Data Point Selection for Line Chart Visualization: Methodological Assessment and Evidence-Based Guidelines

Time series visualization plays a crucial role in identifying patterns and extracting insights across various domains. However, as datasets continue to grow in size, visualizing them effectively becomes challenging. Downsampling, which involves data aggregation or selection, is a well-established approach to overcome this challenge. This work focuses on data selection algorithms, which accomplish downsampling by selecting values from the original time series. Despite their widespread adoption in visualization platforms and time series databases, there is limited literature on the evaluation of these techniques. To address this, we propose an extensive metrics-based evaluation methodology. Our methodology analyzes visual representativeness by assessing how well a downsampled time series line chart visually approximates the original data. Moreover, our methodology includes a novel concept called "visual stability", which captures visual changes when updating (streaming) or interacting with the visualization (panning and zooming). We evaluated four data point selection algorithms across three open-source visualization toolkits using our proposed methodology, considering various figure-drawing properties. Following the analysis of our findings, we formulated a set of evidence-based guidelines for line chart visualization at scale with downsampling. To promote reproducibility and enable the qualitative evaluation of new advancements in time series data point selection, we have made our methodology and results openly accessible. The proposed evaluation methodology, along with the obtained insights from this study, establishes a foundation for future research in this domain.

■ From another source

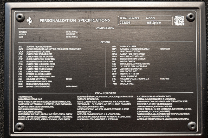 フェラーリ 488スパイダー テーラーメイド/OP2000万over/特別仕様内装

翻译：时间序列可视化在跨领域识别模式与提取洞察中发挥着关键作用。然而，随着数据集规模持续增长，高效可视化面临挑战。数据降采样（通过数据聚合或选取实现）是应对这一挑战的成熟方法。本研究聚焦于数据选取算法——通过从原始时间序列中择取数值实现降采样。尽管此类算法在可视化平台和时间序列数据库中广泛应用，但对其评估的系统性文献仍显不足。为此，我们提出了一种基于多维指标的评估方法论。该方法通过衡量降采样后的时间序列折线图在视觉上对原始数据的近似程度，分析其视觉表征性。此外，本方法论创新性地引入"视觉稳定性"概念，用以捕捉数据更新（流式处理）或可视化交互（平移与缩放）时的视觉变化。我们运用所提出的方法论，结合多种图形绘制属性，对三个开源可视化工具包中的四种数据点选取算法进行了评估。基于实验结果分析，我们总结出一套适用于大规模降采样折线图可视化的循证指南。为促进研究可复现性及时间序列数据点选取新进展的定性评估，我们的方法论与结果已完全开放共享。本研究提出的评估方法论及所得见解，为该领域的后续研究奠定了基础。